Both sides could provide a service to the game’s fans by incorporating several proposed rule changes into the next CBA.

Today’s Baseball Jones

How about Mickey Mantle and Ernie Banks going head-to-head in a home run derby? Is that something that might interest you? Take note: Mantle, a switch-hitter, batted righty against a right-handed pitcher. I wonder if that was the show’s way of leveling the playing field?
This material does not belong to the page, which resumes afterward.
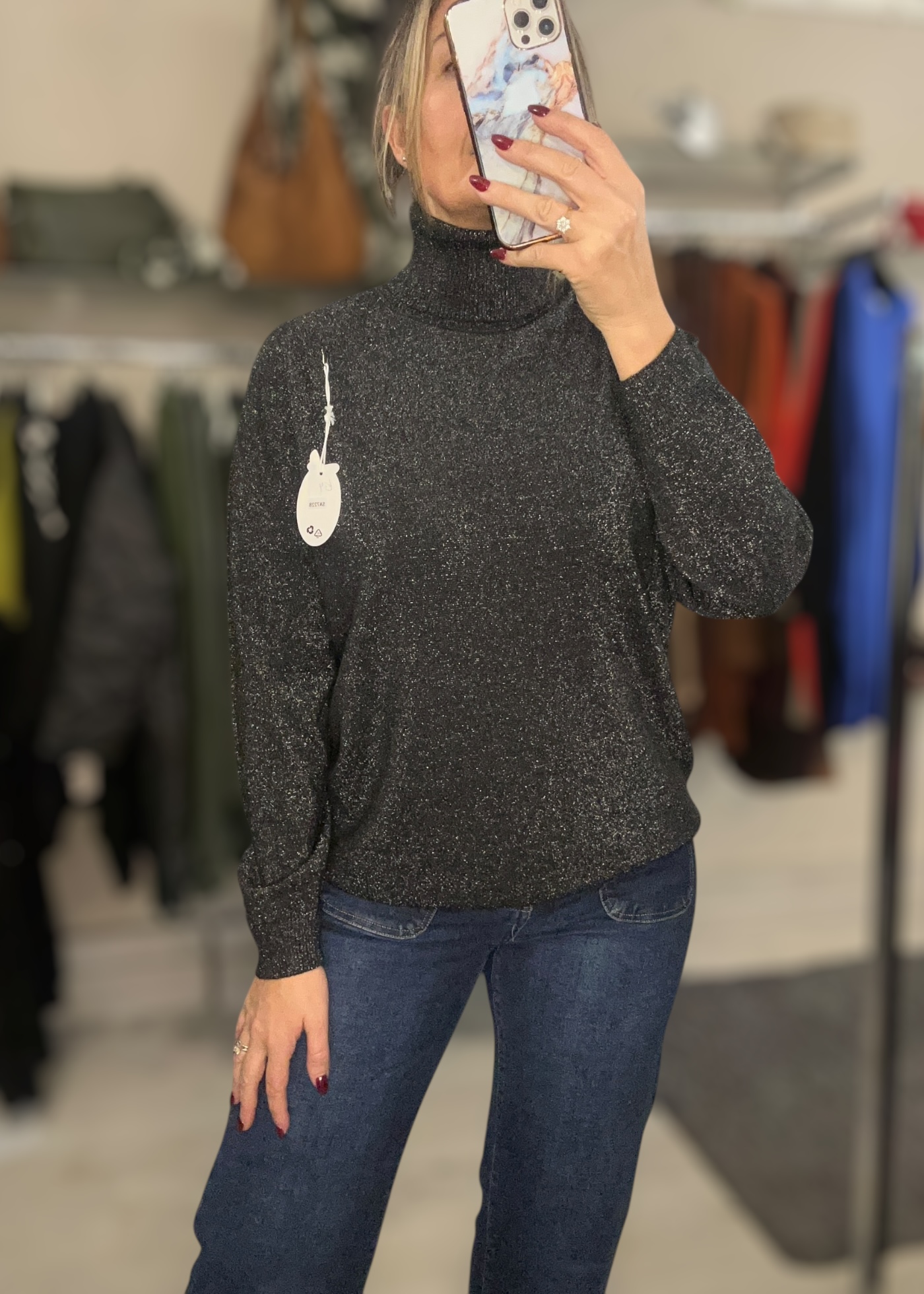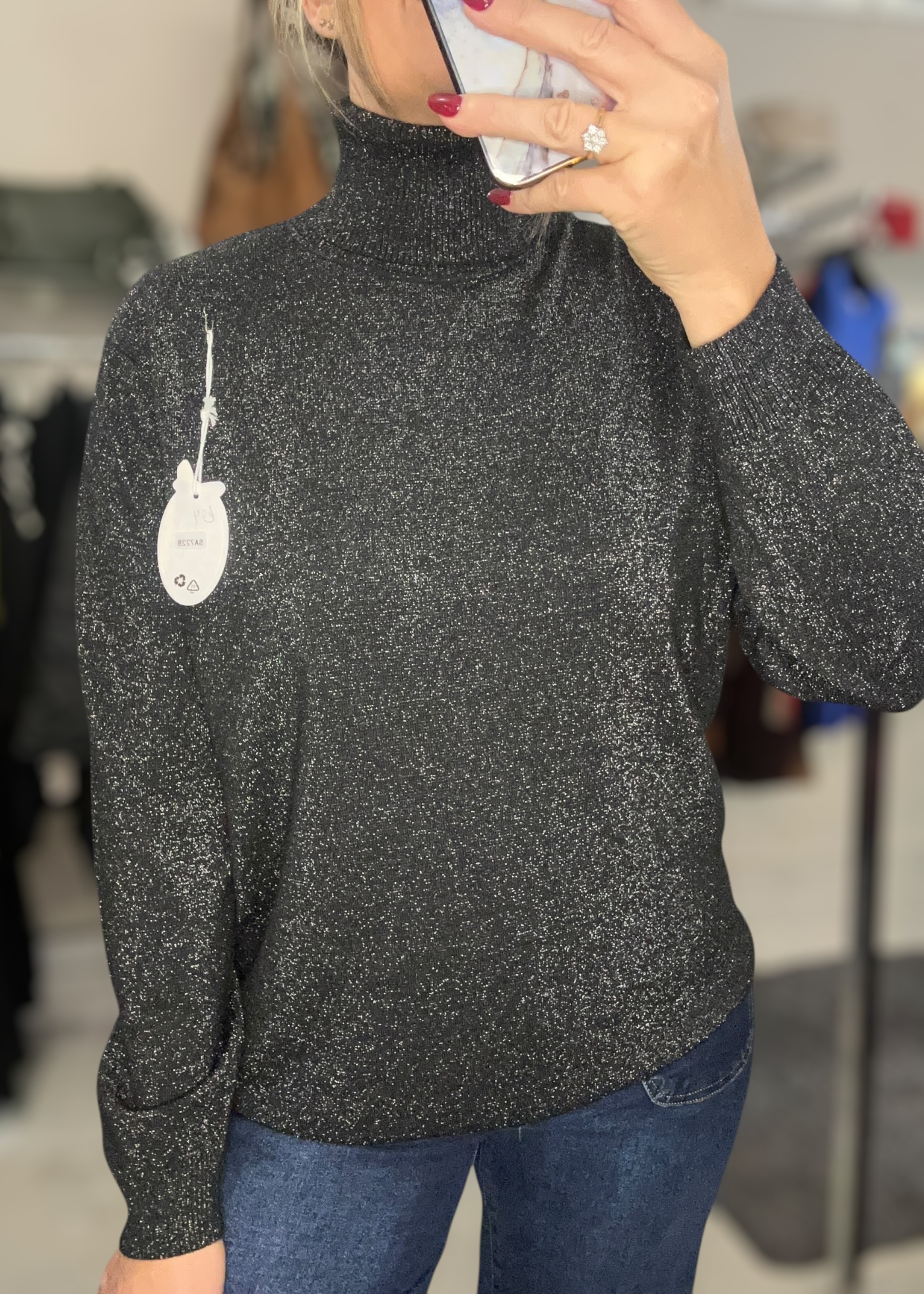 Lurex sparkle roll neck top with long sleeves

“During my 18 years, I came to bat almost 10,000 times. I struck out about 1,700 times, I walked around 1,800 times. A baseball player averages about 500 at-bats every season. Which means, I played a full seven years without ever hitting the ball.” – Mantle

“Work? I never worked a day in my life. I always loved what I was doing, had a passion for it.” – Banks

Apropos of Nothing

You can call Santa’s hotline for an important Christmas message and a chance to leave the big guy your gift list. His number is (605) 313-4000. I used to tell Sue’s daughters that when they stopped believing in Santa they’d stop getting gifts. They still admit they believe at ages 25 and 23.

They Said It

  • “First off, these uniforms are soooo [sic] sick! I’m so excited to join the Cubs  — one of the biggest reasons I chose to come here was the fan base and how electric you guys can be towards your players.” – Frazier
  • “Me being happy I’m on the Cubs has nothing to do with Yankees fans. It has to do with the fact that I’m happy to be able to play somewhere I’ll get a better chance at playing.” – Frazier
  • “We’ll experiment, have fun and try to create a family-friendly experience. My lifelong dream is to own the Chicago Cubs. Sometimes dreams come up just a tad short.” – Shapiro

Wednesday Walk-Up Song

Lost in My Mind by The Head & The Heart – Frazier seems equally nuts and endearing, and I love it. Let’s hope the talent matches the talk.